• [EXERCISE DESCRIPTION]
Copy each line of the data below exactly, leaving out pictures.

• [DATA EXCERPT]
--- START ---

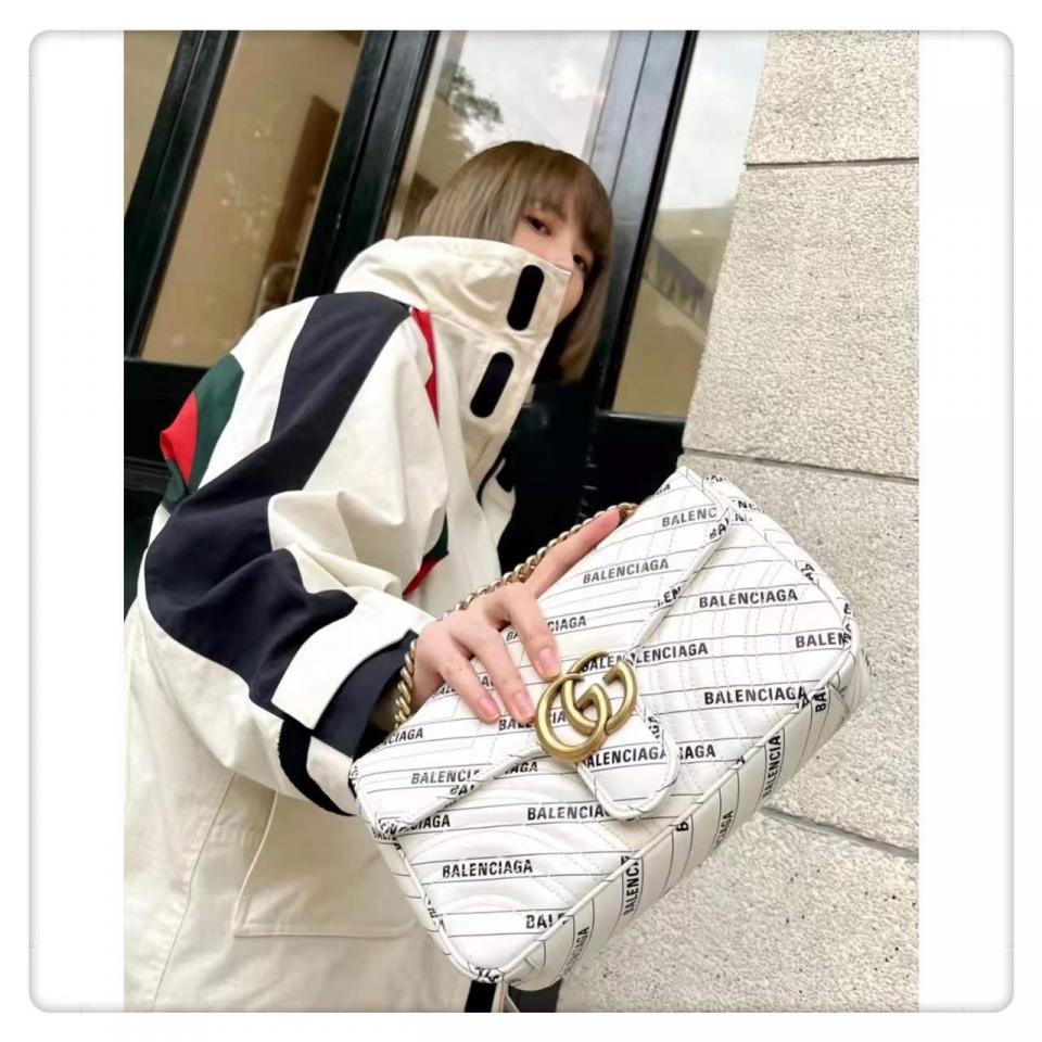 將GG Marmont 滿飾斜排BLCG品牌徽標,搭配醒目雙G扣搭扣,浪漫呈現兩個品牌設計語言的創意融合。
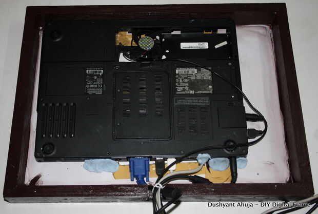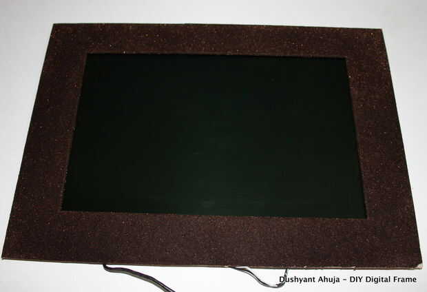 - La última parte fue montaje de la pantalla LCD en el marco – esto es el paso más delicado y debe hacerse muy cuidadosamente. He intentado pegarlo con araldite, quickfix, FeviBond, et al. Sin embargo logró finalmente con la cinta fuerte de 2 caras. Fue capaz de comprar un rollo de una tienda de accesorios de coche. No use la que consigues en las tiendas de artículos de papelería-que no funciona y la pantalla LCD puede deslizarse después de algún tiempo.
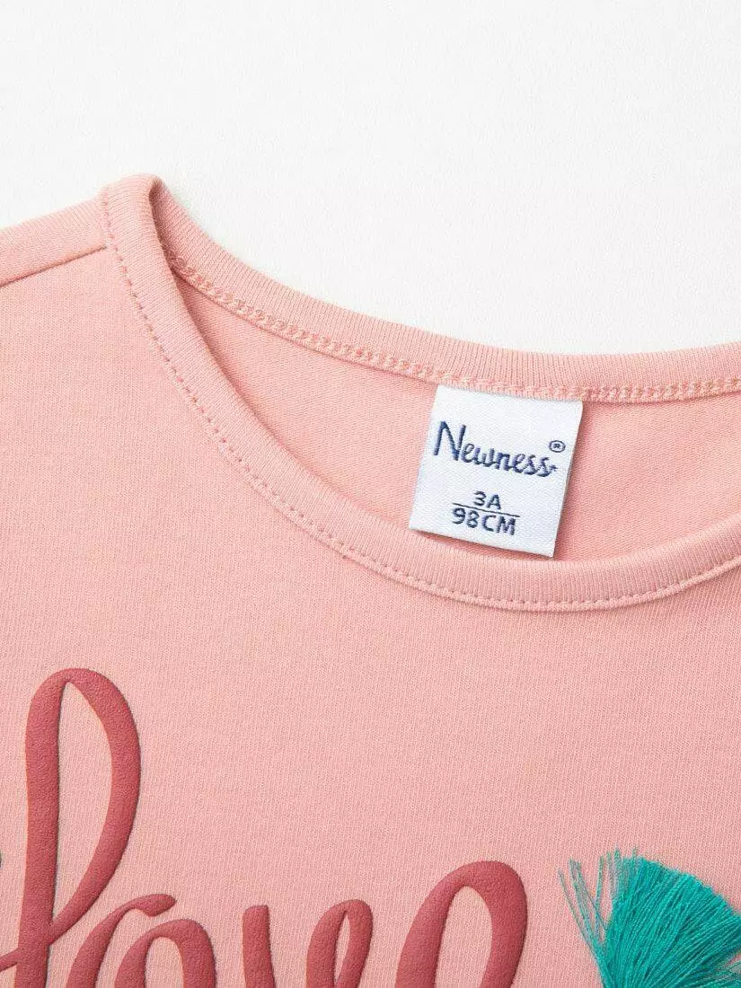 Лонгслів рожевого кольору. Круглий виріз горловини. Довгий рукав. Прямий крій. На грудях великий принт "Love" з декоративними кисточками.

--- END ---

• [REPLY TO THE EXERCISE]
 將GG Marmont 滿飾斜排BLCG品牌徽標,搭配醒目雙G扣搭扣,浪漫呈現兩個品牌設計語言的創意融合。
 - La última parte fue montaje de la pantalla LCD en el marco – esto es el paso más delicado y debe hacerse muy cuidadosamente. He intentado pegarlo con araldite, quickfix, FeviBond, et al. Sin embargo logró finalmente con la cinta fuerte de 2 caras. Fue capaz de comprar un rollo de una tienda de accesorios de coche. No use la que consigues en las tiendas de artículos de papelería-que no funciona y la pantalla LCD puede deslizarse después de algún tiempo.
 Лонгслів рожевого кольору. Круглий виріз горловини. Довгий рукав. Прямий крій. На грудях великий принт "Love" з декоративними кисточками.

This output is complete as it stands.